L’aménagement et l’animation d’un showroom se révèlent très coûteux pour un piscinier, notamment à cause des budgets de communication engagés. Mais la renommée que génèrent des réalisations qualitatives ne coûte rien. Malgré l’absence de dépenses, le drainage de chalandise se révèle pourtant conséquent, nombre de pisciniers se déclarant contactés uniquement par du bouche-à-oreille et des recommandations. Dans ce cas, le professionnel se doit d’apporter à chaque fois une réelle plus-value aux clients pour justifier sa réputation. « Nous devons nous démarquer pour nous différencier de la concurrence, avance Pierre Giguet. Automatiquement, nous proposons une intégration de la piscine. » La compétence du professionnel se concrétise par une réflexion sur l’implantation et la typologie du bassin pour répondre aux spécificités du terrain, aux attentes du client et aux différentes caractéristiques du projet. Cette vision est partagée par Philippe Guillot : « Nous avons pour habitude de nous positionner systématiquement au-dessus des autres acteurs dans le cadre d’une mise en concurrence. Nous proposons toujours une prestation supplémentaire afin de montrer au prospect que le coût global de notre devis est justifié. Notre valeur ajoutée, à savoir ces compétences que les concurrents n’ont pas forcément, constitue un réel élément de différenciation. »

Comment s’organiser ?

Ne pas perdre de temps ni d’argent

Parce qu’elle implique une longue phase d’écoute et de création, l’étude préparatoire d’un projet global soulève la question du risque qu’encourt le piscinier à travailler sans avoir de garanties concrètes quant aux retombées financières de cette implication. Cela prend du temps de réaliser une étude globale car l’offre étant complète, il y a énormément de paramètres à prendre en compte et à appréhender. « Plus la phase préparatoire est longue, plus il est difficile de retenir son prospect, regrette Philippe Guillot. Il existe un risque réel : le client peut parfois décider d’abandonner son projet ou le confier à un concurrent. » Dans les faits, le consommateur est facilement enclin à cannibaliser les idées des différents professionnels qu’il sollicite pour confier leur réalisation au prestataire le moins cher.

« Dans l’absolu, il faudrait être capable de fournir un devis sous 48 heures, avec des plans et un chiffrage précis », suggère Serge Renard. Mais c’est extrêmement difficile, pour ne pas dire impossible, pour la grande majorité des structures ne serait-ce que parce que dans le cadre d’une prestation globale, une multitude de fournisseurs seront sollicités.

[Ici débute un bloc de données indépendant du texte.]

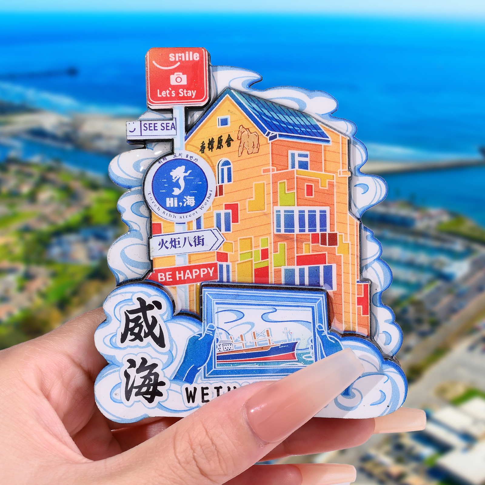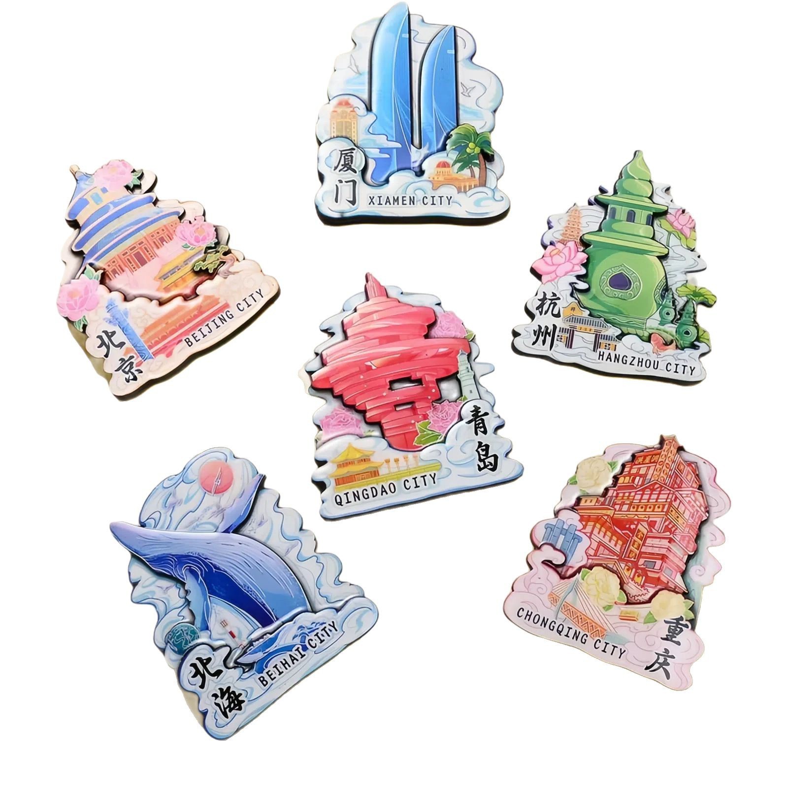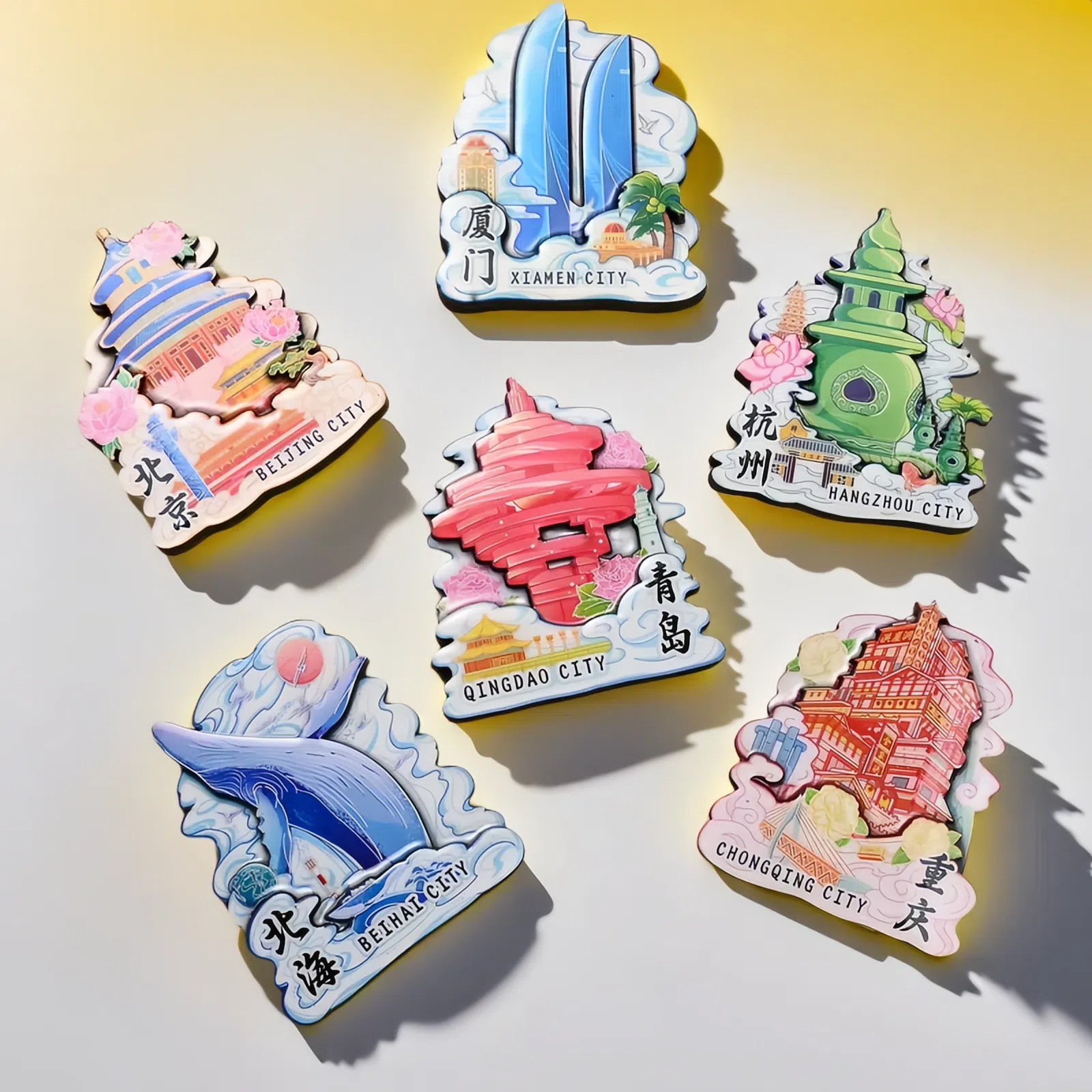 现货祥云全国创意性礼品磁吸贴木质城市文创旅游景点纪念品冰箱贴

L’idée d’un verrouillage progressif de l’étude, via l’approbation du devis par le client, fait consensus chez les pisciniers présents. « Il faut toujours dissocier la piscine et ses abords. Cela permet de réaliser une offre à tiroirs, avec différentes étapes qui à chaque fois viennent consolider la relation avec le client » note Stéphane Goulet. « Concrètement, nous réalisons dans un premier temps le chiffrage du bassin, expose Serge Renard. Puis nous faisons évoluer le prospect dans notre showroom. Il se rend alors compte que nous pouvons intégrer une prestation dite paysagère. S’il est intéressé, nous fixons un rendez-vous pour l’agencement de son terrain. Mais cette nouvelle étape n’intervient qu’après que le bassin a été signé. » Ce procédé permet de consolider l’avancement de l’étude mais également de gagner du temps : le chiffrage de l’aménagement du terrain se révèle beaucoup plus long que celui du bassin stricto sensu. En échelonnant les étapes dans le devis, le piscinier s’octroie une plus grande patience de son prospect.

Dans le cadre d’un projet global, les pisciniers sont ainsi confrontés à une nouvelle facette de leur métier : l’approche commerciale, bien éloignée de l’art de réaliser un bassin. Cerner les attentes, mais aussi les capacités financières du client, s’avère primordial pour éviter que le travail préparatoire demeure sans retour. « Il est évident que l’intégration paysagère trouve écho chez le client, relève Philippe Guillot. Ce n’est pas pour autant que son budget est extensible ou augmenté à la hauteur de la prestation proposée. En tant que piscinier, on mobilise du temps et des moyens humains pour mener à bien cette étude. Si elle ne débouche sur rien au final, c’est une perte financière. » Cette remarque met en lumière le problème de la maîtrise des coûts pour le piscinier qui sont plus importants, mais aussi plus difficiles à appréhender, dans le cadre d’une offre globale que pour une réalisation classique.

Une taille critique ?

De plus en plus de sociétés ont décidé d’intégrer la compétence paysagère et créative à leur structure de piscinier. « Plus l’entreprise maîtrise les compétences nécessaires à la prestation qu’elle propose, plus elle amène de garanties au client d’un point de vue contractuel », analyse Stéphane Goulet. Mais pour le coordinateur du groupement L’esprit piscine, il faut une taille critique pour pouvoir tout assurer en interne. « En dessous de 10 personnes, c’est quasiment impossible. » En effet, il faut un bureau d’études, une équipe pour le gros œuvre et le revêtement, des techniciens pour la mise en eau et le traitement, un administratif, un chef d’entreprise, etc.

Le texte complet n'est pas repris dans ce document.